Looking for something cool to read? Try this article by Malcolm Gladwell in this week’s New Yorker. Gladwell discusses an unusual intersection of policy, politics, and mathematics — namely, social ills that follow the "power law," in which a relative handful of bad actors are responsible for the bulk of a problem. Take, for example, pollution from cars:
Most cars, especially new ones, are extraordinarily clean. A 2004 Subaru in good working order has an exhaust stream that’s just .06 per cent carbon monoxide, which is negligible. But on almost any highway, for whatever reason — age, ill repair, deliberate tampering by the owner — a small number of cars can have carbon-monoxide levels in excess of ten per cent, which is almost two hundred times higher. In Denver, five per cent of the vehicles on the road produce fifty-five per cent of the automobile pollution. [Emphasis added.]
The problem, according to Gladwell, is that even if the lion’s share of problem is caused by the statistical outliers, our solutions tend to treat everyone the same — as if we’re all equally responsible. The patina of fairness may be reassuring to politicians. But substantively, fairness doesn’t always lead to the best outcomes.

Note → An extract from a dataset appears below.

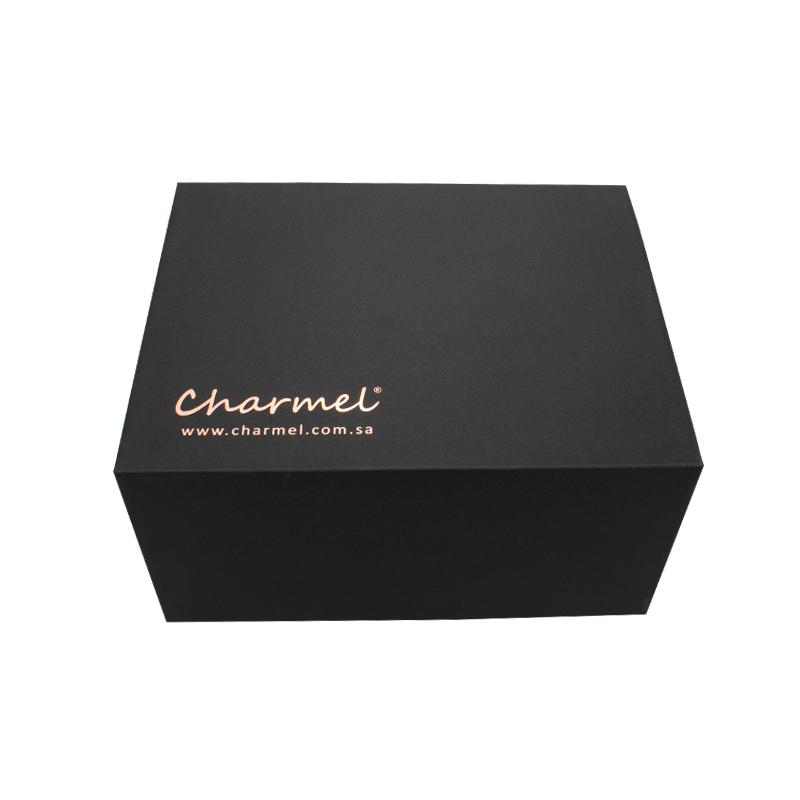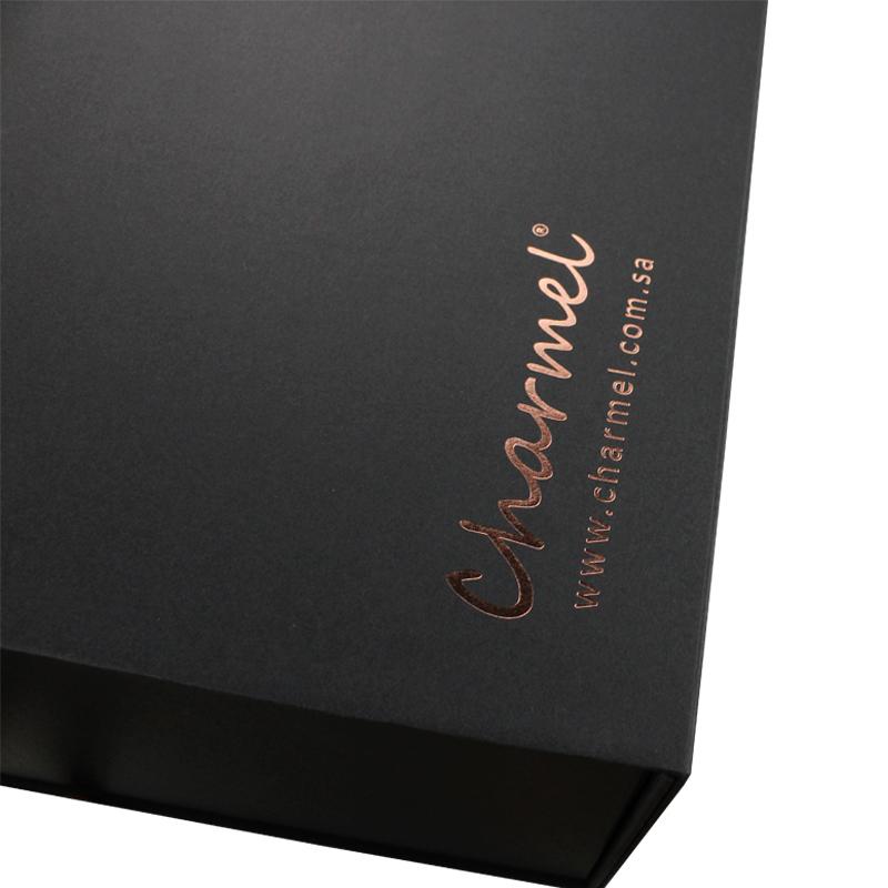 أسود عالي الجودة صناديق التعبئة والتغليف القابلة للطي ، لتغليف هدايا الترويج للقهوة، صندوق هدايا يحمل شعار الذهب الوردي.

We deal with emissions, for example, by requiring each car — even the cleanest models — to be tested every year or two. For dirty cars, that’s not often enough: A polluting car in need of repair can stay on the road for quite a while before anyone checks on it. But for owners of relatively clean cars, the vehicle emissions test is just a time-wasting formality. And all the while, it’s easy enough to monitor a vehicle’s emissions from the roadside as the car passes, which would let police pull over polluters as if they were speeders. The technology’s been around for decades. All that’s missing, apparently, is the political will, or maybe the creativity, to make it happen.
Of course, there’s plenty of reason to be cautious here. The most polluting cars tend to be owned by the most economically vulnerable among us; pulling them over for polluting would just add to their burdens. But here, too, Gladwell’s approach to "power law" problems might offer a solution: Offering free repairs, or letting the owner of a severely polluting vehicle trade it in for a non-polluting one at no cost, might well be cheaper than maintaining the existing vehicle inspection system. Of course, it hardly seems fair to deal with this sort of problem by handing out clean cars or free repairs; that’s a benefit that the rest of us certainly didn’t get. But for some things, fairness and efficiency don’t always go hand in hand; sometimes we have to choose one or the other.
(Oh, and just to be clear, I don’t know that I agree that .06 percent carbon monoxide is "negligible," as Gladwell says. For any individual car it may be. But there are an awful lot of cars out there, cumulatively producing an awful lot of CO. Even if you could get rid of the outliers, I’m sure that people who live near highways and busy streets would be grateful to get those emissions down.)